All well and good. Apart from a couple of things which drop a blip the size of a turd on my bullshit detector. Like, why is this small town Australian preacher talking about a friend in Winnipeg? Are stories about his Australian friends not good enough? I google. And guess what.
Firstly, Melvin McDonald did not walk into a police station in Winnipeg "recently" - he did this over five years ago, in January 2003. Secondly, this entire bombastic moralism which masquerades as a column is lifted, almost word for word, from the internet. Well, glory be.
I pull up three more of this saccharine devil-dodger's previous columns on my computer, and google some carefully-chosen key words. Sure enough, every single one of these columns has been thieved. Plagiarised from copyrighted columns and sermons on various Christian websites. A wee bit of adjustment here and there, a careful removal of the Americanized spelling - but basically every piece of material i examine from the past month with this smarmy gloryroader's byline on it is just plain outright stolen.
One of the plundered sites outlines guidelines for the use of its material. Hallelujah. It says, in part:
1. Don't change the material (this sycophantic pulpiter has)
2. Keep the copyright/author information (this haranguing pedagogue hasn't)
3. Link to us (this hypocritical sin hound hasn't).
This clearly is the worst blessed case of cheating since the evangelist and used car salesman Johnny Lee Clary visited Carnarvon.
I approach my editor, who promises to send a polite email to the wheedling sky pilot asking where, precisely, he gets the material for his columns. These pieces of writing we publish each week at The Newspaper, under the heading "Wisdom", which elevate our glutinous padre to his tightly-held position of grace within our community.
Stolen. All stolen from authors who publish on the internet. The authors' names removed and another one replaced.
OK. So i've stolen a tin of tuna and a loaf of bread once or twice when i've been out on the streets and hungry. Like, real hungry. But as we all know, devoted readers, i aint no saint. But neither do i purport to be.
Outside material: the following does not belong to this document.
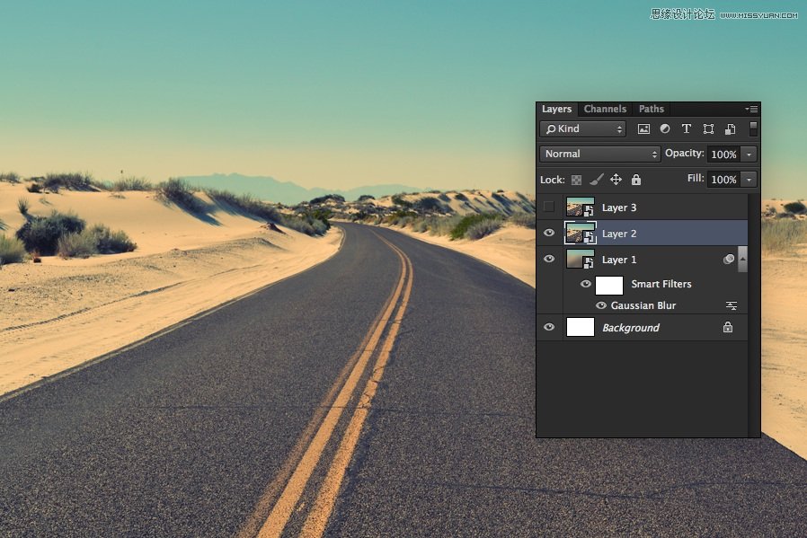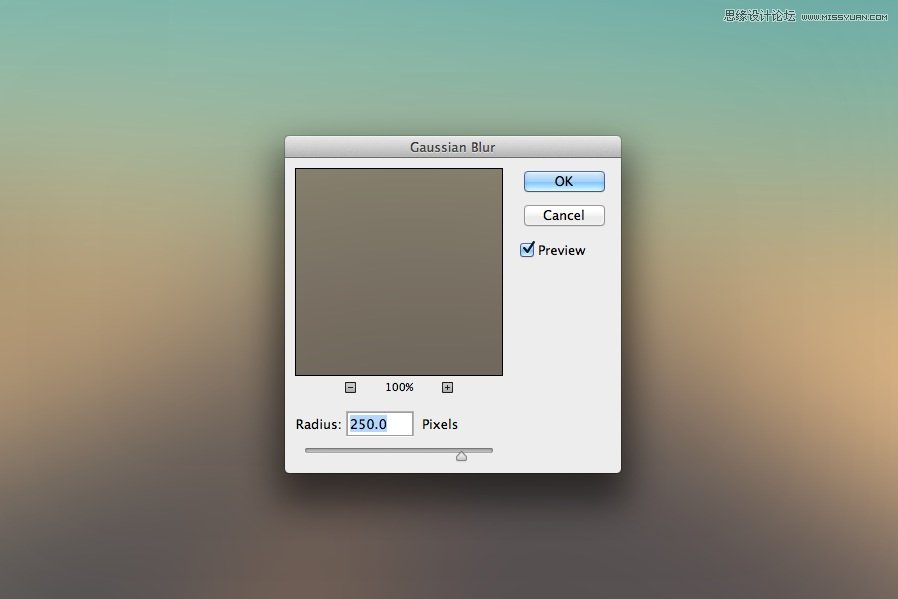在第一个背景图层里应用高斯模糊,半径是250 px。

People who misrepresent significant realities with trumped-up, self-serving false claims actually tarnish the truth.
- April 11 column.
God damn right, sunshine. Praise the lord.
4 comments:
You must have loved catching this guy out! Haha good work.
As for deactivating the bomb, Sounds like Ms M to the AD...
Dewse
Ms M is a live one all right!
Nice work, Roy. (said through cigar-biting teeth...)
I must say you are certainly shaking things up in A-town.
Tread carefully, friend...
Pure brilliance in my favourite hobby, Internet stalking!
mmmm, Art Director treading carefully? That may just be the funniest thing that i have heard all week.